* [About this exercise]:
A faithful copy is needed of the lines below from the one with "Stabilisiertes Holz ist" up to and including the one with "This playground is"; set it down with no pictures and no other lines.

* [Records to use]:
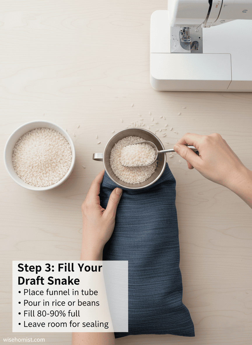 - Begin steadily pouring in your chosen filling (rice, beans, etc.). Fill the tube until it’s roughly 80-90% full. The goal is for it to be substantial and heavy, yet flexible enough to conform snugly against the base of your door.
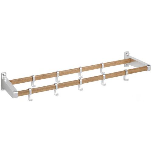 Wandrek van geanodiseerd aluminium, fraaie afwerking met dubbele haken. Frame, stang en haken van stevig en duurzaam materiaal. Bestaat uit 3 parallel geplaatste stangen met haken.
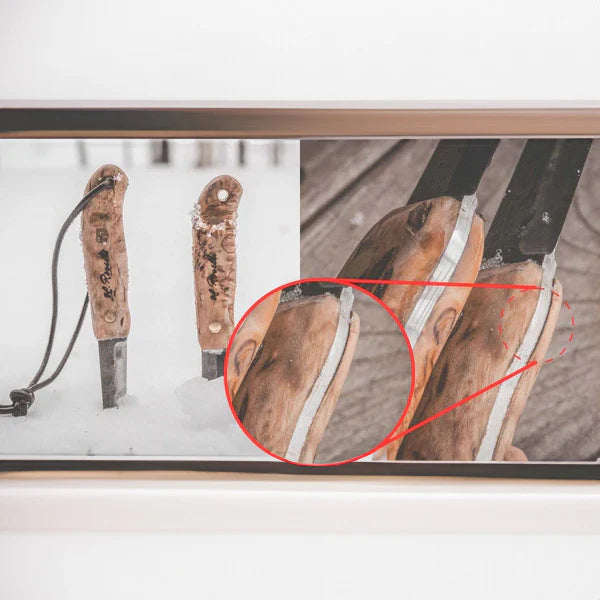 Stabilisiertes Holz ist ein beliebtes Material für Messergriffe, da es langlebig, widerstandsfähig und optisch ansprechend ist. Der Stabilisierungsprozess besteht darin, das Holz mit Harz zu tränken, wodurch die Poren gefüllt werden und das Holz stabiler sowie unempfindlicher gegenüber Temperaturschwankungen und Feuchtigkeit wird.
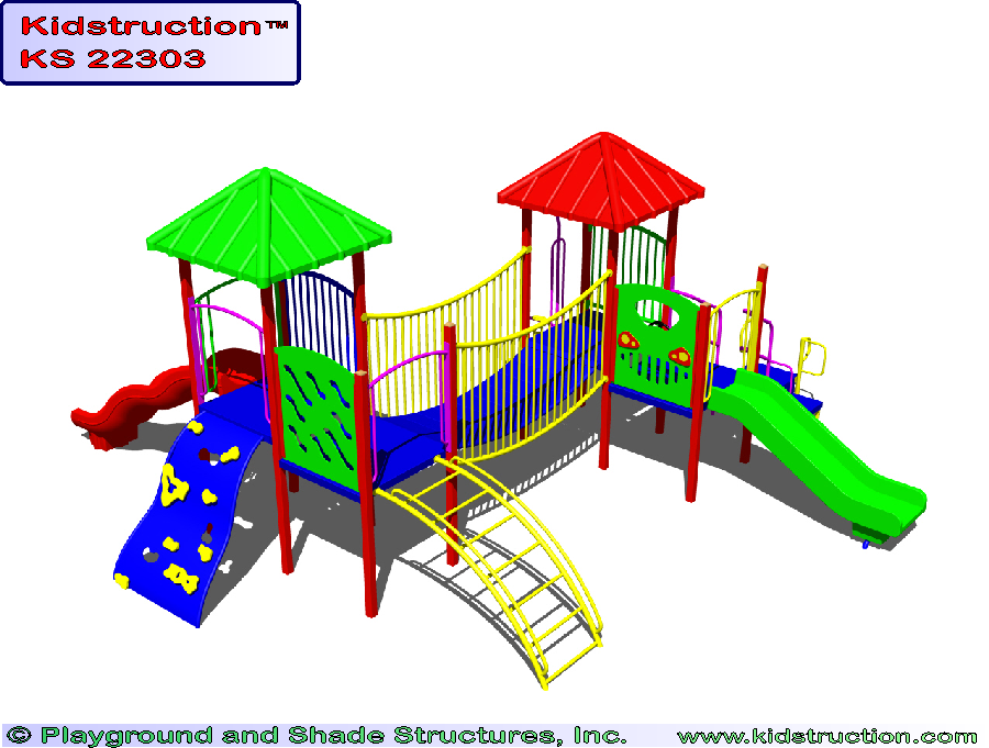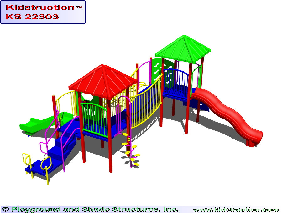 This playground is available in metal or wood construction, and a variety of colors.
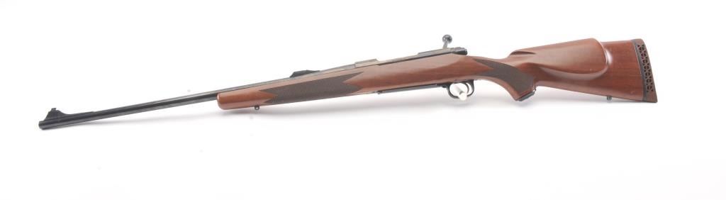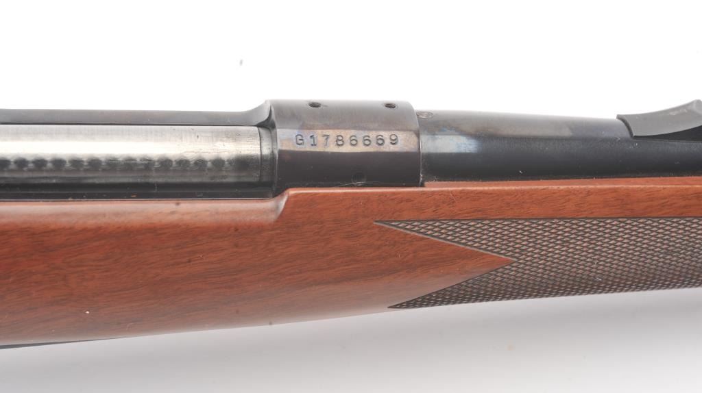 Winchester Model 70XTR Sporter Magnum in .300 Win. Mag caliber with a 24" barrel, S/N G1786669. Near fine used condition showing minor firing and use. Some small marks in the stock. Rear sight removed from base for usewith scope (Factory tap holes are empty). Pachmayr pad added and measures 14 1/8" to the end of the stock. Excellent mechanics and bright interior and bore. (Modern) Est.: $500-$1000
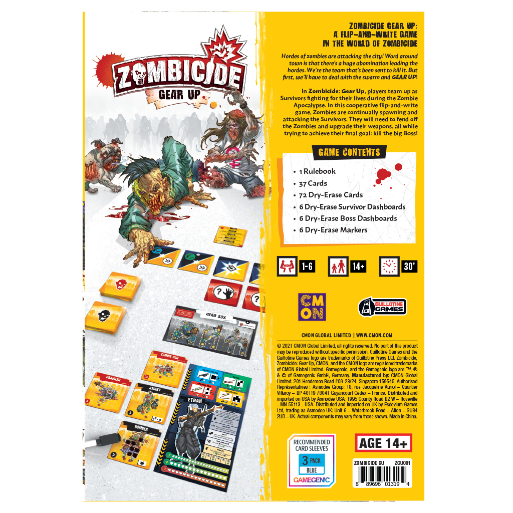 Zombicide: Gear Up is a cooperative flip-and-write game where 1 to 6 players take on the role of Survivors fighting for their lives during the zombie apocalypse. The Survivors are an elite of combatants that have taken to the streets overrun with the undead. There, they must fend off the hordes of Zombies that spawn and move toward them until the Boss appears. This is when the Survivors must achieve their final goal: Kill the Boss and end this zombie invasion!

* [Output for this task]:
 Stabilisiertes Holz ist ein beliebtes Material für Messergriffe, da es langlebig, widerstandsfähig und optisch ansprechend ist. Der Stabilisierungsprozess besteht darin, das Holz mit Harz zu tränken, wodurch die Poren gefüllt werden und das Holz stabiler sowie unempfindlicher gegenüber Temperaturschwankungen und Feuchtigkeit wird.
 This playground is available in metal or wood construction, and a variety of colors.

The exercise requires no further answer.